Она медленно попятилась, протянула руку и приподняла край завесы, закрывавшей вход. За ним показался светящийся туман — серый и тусклый, — однако даже и его хватило для того, чтобы на время ослепить Махеоласа. Ллиана подождала, когда его глаза привыкнут к свету, а затем, когда он бесстыже уставился на нее, выдержала его взгляд.
— Да ведь ты же одного возраста со мной! — наконец прошептал он. — Одного возраста со мной!
Эта новость его, похоже, очень обрадовала. Ллиана улыбнулась в ответ на его улыбку, а затем опустила приподнятый ею край завесы.
— Вполне возможно, — сказала она, пожимая плечами. — Тебе сколько — пятьдесят две зимы? Или пятьдесят пять?
— Что?
— Люди не живут так долго, — усмехнулся Ллав. — Тебе следовало бы послушать песни Ольвена о них! Вот ему — десять или одиннадцать зим, не больше…
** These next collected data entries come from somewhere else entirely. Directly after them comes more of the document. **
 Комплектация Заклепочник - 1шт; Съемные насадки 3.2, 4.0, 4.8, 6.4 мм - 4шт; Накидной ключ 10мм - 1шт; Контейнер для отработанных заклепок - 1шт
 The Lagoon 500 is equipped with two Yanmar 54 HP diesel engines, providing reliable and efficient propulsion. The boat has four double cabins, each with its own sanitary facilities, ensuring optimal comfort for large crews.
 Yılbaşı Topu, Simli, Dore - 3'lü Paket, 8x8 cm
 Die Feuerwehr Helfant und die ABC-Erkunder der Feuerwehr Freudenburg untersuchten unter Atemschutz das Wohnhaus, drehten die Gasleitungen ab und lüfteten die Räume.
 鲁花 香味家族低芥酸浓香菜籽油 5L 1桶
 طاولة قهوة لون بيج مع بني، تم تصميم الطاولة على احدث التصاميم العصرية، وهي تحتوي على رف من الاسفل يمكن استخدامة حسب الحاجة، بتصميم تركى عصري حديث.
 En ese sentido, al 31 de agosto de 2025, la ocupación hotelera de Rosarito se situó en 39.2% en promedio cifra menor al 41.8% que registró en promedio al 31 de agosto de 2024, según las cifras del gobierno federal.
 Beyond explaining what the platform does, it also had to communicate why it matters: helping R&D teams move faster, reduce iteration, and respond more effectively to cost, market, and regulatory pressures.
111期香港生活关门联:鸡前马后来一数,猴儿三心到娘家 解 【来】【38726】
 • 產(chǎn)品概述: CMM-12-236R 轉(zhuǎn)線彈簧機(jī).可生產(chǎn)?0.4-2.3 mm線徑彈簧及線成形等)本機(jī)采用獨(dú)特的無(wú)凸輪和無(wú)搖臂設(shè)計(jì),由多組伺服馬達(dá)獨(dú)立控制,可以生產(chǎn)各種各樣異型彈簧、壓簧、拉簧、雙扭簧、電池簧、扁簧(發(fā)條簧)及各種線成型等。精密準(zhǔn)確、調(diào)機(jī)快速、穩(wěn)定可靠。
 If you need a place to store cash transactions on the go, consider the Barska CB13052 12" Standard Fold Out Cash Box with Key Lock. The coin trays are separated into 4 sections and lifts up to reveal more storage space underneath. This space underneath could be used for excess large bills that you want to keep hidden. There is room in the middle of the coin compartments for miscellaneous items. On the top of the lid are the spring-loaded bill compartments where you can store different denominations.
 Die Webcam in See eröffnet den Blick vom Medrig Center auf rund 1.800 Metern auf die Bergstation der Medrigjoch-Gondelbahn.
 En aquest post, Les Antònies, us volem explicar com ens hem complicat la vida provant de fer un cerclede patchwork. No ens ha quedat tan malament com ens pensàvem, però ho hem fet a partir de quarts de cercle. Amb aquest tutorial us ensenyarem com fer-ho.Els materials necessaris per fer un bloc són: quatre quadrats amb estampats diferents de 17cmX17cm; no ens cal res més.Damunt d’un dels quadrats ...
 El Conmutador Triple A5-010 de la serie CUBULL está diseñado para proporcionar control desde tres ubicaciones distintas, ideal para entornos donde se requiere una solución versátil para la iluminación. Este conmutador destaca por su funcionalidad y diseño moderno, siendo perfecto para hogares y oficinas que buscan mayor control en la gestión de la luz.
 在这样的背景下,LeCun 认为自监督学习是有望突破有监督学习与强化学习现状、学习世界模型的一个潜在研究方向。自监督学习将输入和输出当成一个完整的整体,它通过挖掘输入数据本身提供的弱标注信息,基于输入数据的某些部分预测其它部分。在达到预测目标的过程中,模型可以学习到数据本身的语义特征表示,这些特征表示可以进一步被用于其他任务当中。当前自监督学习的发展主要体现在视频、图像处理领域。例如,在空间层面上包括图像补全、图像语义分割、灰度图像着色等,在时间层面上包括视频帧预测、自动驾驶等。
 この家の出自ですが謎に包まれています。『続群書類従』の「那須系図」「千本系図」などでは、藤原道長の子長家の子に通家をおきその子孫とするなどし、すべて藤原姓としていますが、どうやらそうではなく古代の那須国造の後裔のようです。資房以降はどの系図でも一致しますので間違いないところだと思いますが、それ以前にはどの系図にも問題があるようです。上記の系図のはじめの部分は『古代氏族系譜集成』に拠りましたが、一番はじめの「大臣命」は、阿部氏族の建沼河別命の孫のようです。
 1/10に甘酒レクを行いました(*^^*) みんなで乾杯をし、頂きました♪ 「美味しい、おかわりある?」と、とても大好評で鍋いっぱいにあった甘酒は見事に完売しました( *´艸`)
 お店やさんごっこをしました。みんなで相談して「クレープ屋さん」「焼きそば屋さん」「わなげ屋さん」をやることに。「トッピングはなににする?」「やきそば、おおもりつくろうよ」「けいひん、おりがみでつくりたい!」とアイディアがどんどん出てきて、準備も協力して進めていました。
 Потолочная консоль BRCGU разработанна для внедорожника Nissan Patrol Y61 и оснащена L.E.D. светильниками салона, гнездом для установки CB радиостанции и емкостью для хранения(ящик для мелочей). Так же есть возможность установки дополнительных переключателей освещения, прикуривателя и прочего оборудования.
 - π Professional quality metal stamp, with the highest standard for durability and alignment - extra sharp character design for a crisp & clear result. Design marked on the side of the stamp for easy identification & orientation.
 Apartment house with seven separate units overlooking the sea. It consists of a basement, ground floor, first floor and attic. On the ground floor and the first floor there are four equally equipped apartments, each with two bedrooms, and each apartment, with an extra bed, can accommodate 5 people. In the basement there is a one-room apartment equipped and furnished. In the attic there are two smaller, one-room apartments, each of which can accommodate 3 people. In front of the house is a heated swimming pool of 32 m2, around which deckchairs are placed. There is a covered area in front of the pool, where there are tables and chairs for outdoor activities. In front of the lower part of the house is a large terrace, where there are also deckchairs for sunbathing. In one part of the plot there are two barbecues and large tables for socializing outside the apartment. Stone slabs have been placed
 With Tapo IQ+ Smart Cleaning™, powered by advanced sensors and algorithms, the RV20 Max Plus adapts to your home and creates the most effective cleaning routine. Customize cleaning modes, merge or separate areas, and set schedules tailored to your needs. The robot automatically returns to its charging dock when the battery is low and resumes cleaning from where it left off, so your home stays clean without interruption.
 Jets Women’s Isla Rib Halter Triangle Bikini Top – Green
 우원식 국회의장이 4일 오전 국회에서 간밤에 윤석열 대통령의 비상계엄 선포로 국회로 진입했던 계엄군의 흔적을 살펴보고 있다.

По какой-то непонятной этим двум эльфам причине их безобидный вроде бы разговор произвел на подростка удручающее впечатление: ослепленный темнотой, Махеолас попятился к своей постели из мха с таким обескураженным видом, что Ллиана не знала, что и сказать. Затем она вспомнила о том своем порыве, который заставил ее зайти в жилище Гвидиона, и о тех многочисленных вопросах, которые недавно стали нарушать покой ее внутреннего мира.
— Зачем ты пришел в лес? — спросила она ласковым голосом.
Послушник ответил не сразу. Ему стало казаться, что он утонул, исчез, был затянут в темное небытие, лишенное какой-либо устойчивости и какой-либо определенности. Если возраст его собеседников и в самом деле был таким фантастическим, то тогда уже само время становилось чем-то нереальным.
Да и вообще все, пожалуй, стало невообразимым с того момента, как он и Неддиг отправились на поиски лесорубов. Каждое событие, каждое обстоятельство, каждое мгновение его теперешней жизни становилось абсурдным и смехотворным — как будто его жизнью теперь управляла какая-то нелепая воля. Если это была воля Бога, в которого призывали верить монахи, то тогда Бог этот проявлял безграничную жестокость. Впрочем, во всех этих событиях все-таки должен быть какой-то смысл.
Эльфы истребили всех переселенцев, возглавляемых отцом Эдерном, и едва не убили его, Махеоласа, а затем другие эльфы его спасли и ухаживают за ним. Они поместили его в этой норе, не пуская к нему почти никого и не задавая ему никаких вопросов. Кто знает, сколько времени он провел здесь, вдали от солнечного света: несколько дней или несколько недель? А затем этот ученик, которого одни эльфы называли «безымянным», а другие — «Ллавом», начал приходить к нему и часами молча пристально смотреть на него — так, как смотрят умалишенные. Он вызывал у Махеоласа страх, пока не стал приносить ему небольшие гостинцы: чернику, грибы, иногда цветы. При этом они друг с другом почти не разговаривали — так, обменивались двумя-тремя фразами. Ллав довольствовался тем, что разглядывал Махеоласа, причем иногда таким нарочито чувственным взглядом, что Махеолас снова начал его бояться, но уже совсем по другой причине.